Darlegung der Verletzung des Anspruchs auf rechtliches Gehör als erheblichen Verfahrensmangel

Bibliographie

Gericht
OVG Niedersachsen
Datum
18.09.2012
Aktenzeichen
5 LA 226/12
Entscheidungsform
Beschluss
Referenz
WKRS 2012, 23919
Entscheidungsname
[keine Angabe]
ECLI
ECLI:DE:OVGNI:2012:0918.5LA226.12.0A

Verfahrensgang

vorgehend
VG Hannover - 09.07.2012 - AZ: 13 A 800/12

Redaktioneller Leitsatz

Hat das Verwaltungsgericht durch Gerichtsbescheid entschieden, haben die Beteiligten die Möglichkeit, gemäß § 84 Abs. 2 Nr. 2 VwGO mündliche Verhandlung zu beantragen und sich so trotz möglicherweise bisher übergangenem Vortrag rechtliches Gehör zu verschaffen.

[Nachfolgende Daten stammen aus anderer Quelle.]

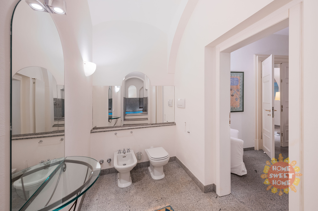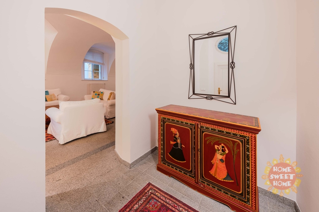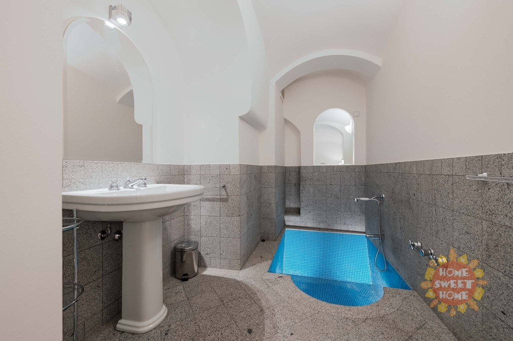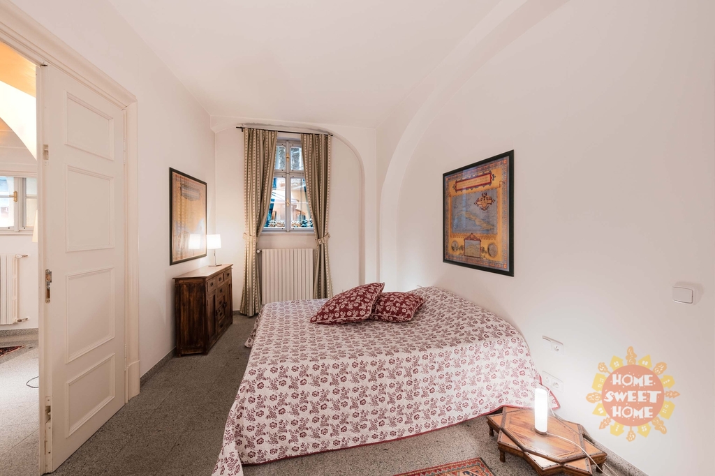Nabízí 92 m² obytné plochy ve dvou místnostech s původními gotickými oblouky.Byt dispozice rozkládací pohovkou, kuchyní, (sklokeramická varná deska, mikrovlnná trouba, lednice, mrazák a myčka), jídelnou a obývacím pokojem. Dále je zde ložnice o velikosti 17 m² s šatnou a prostornou koupelnou vybavenou hlubokou mozaikovou vanou o rozměrech 160 × 160 cm, druhá koupelna (velký sprchový kout, umyvadlo, toaleta a bidet) a komora.
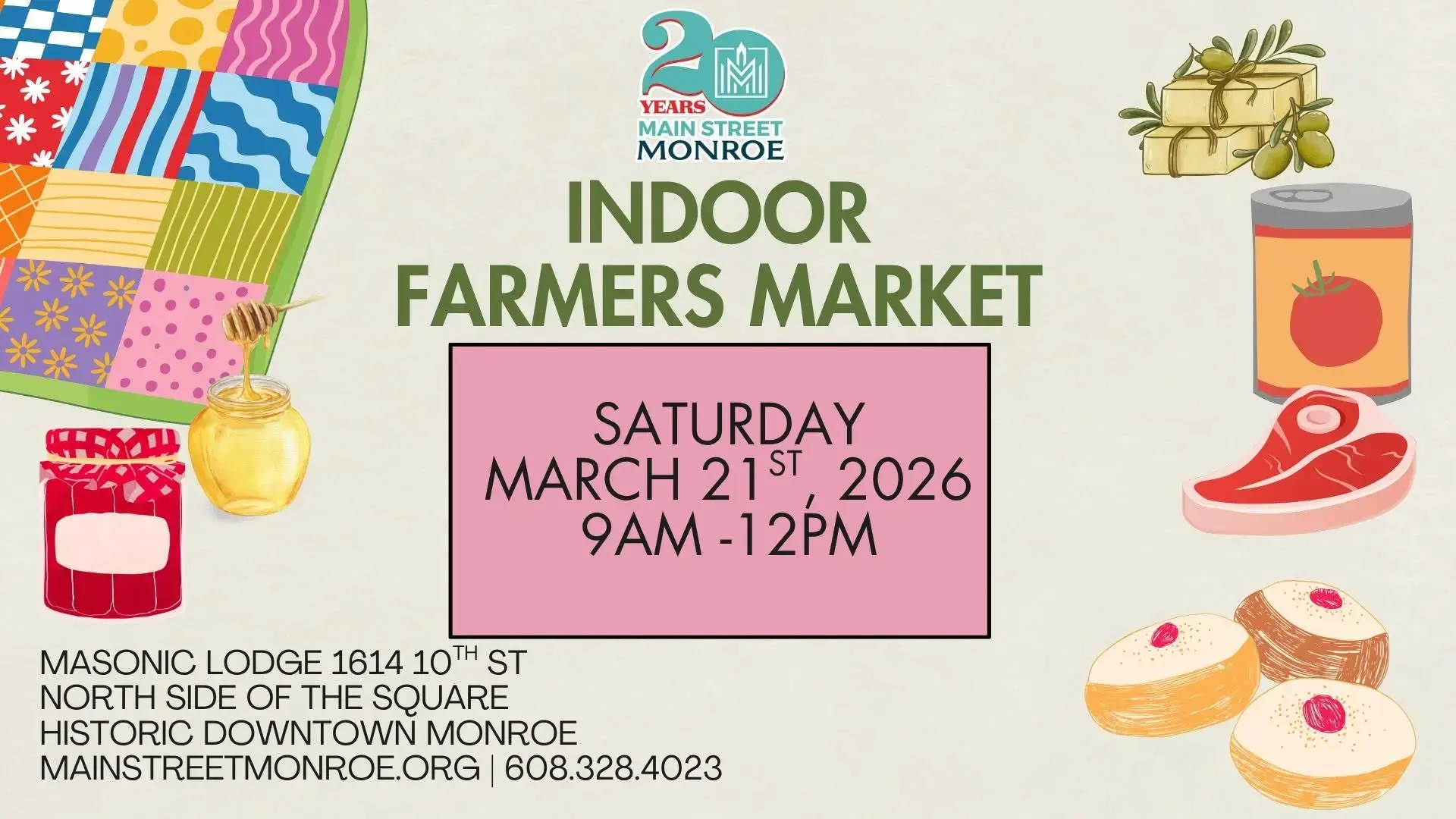 Join us for our indoor farmers market featuring seasonal produce, baked items, meats, honeys, canned goods, soaps, and craft items! The indoor market is held at the Masonic Lodge on the north side of the square. Entry is in between Orange Kitten Yarns and The Farmer’s Wife Photography Studio. Vendors may be contacted to arrange curbside pickup orders. The Main Street Monroe Farmers Market is sponsored by SSM Health Monroe Hospital....

Bei einem Versäumnis dieser Möglichkeit kommt eine Zulassung der Berufung wegen der mutmaßlichen Gehörsverletzung nicht in Betracht.

Gründe

1

Der Antrag des Klägers auf Zulassung der Berufung hat keinen Erfolg.

2

1. Die Voraussetzungen des geltend gemachten Zulassungsgrundes eines entscheidungserheblichen Verfahrensfehlers (§ 124 Abs. 2 Nr. 5 VwGO) sind nicht erfüllt.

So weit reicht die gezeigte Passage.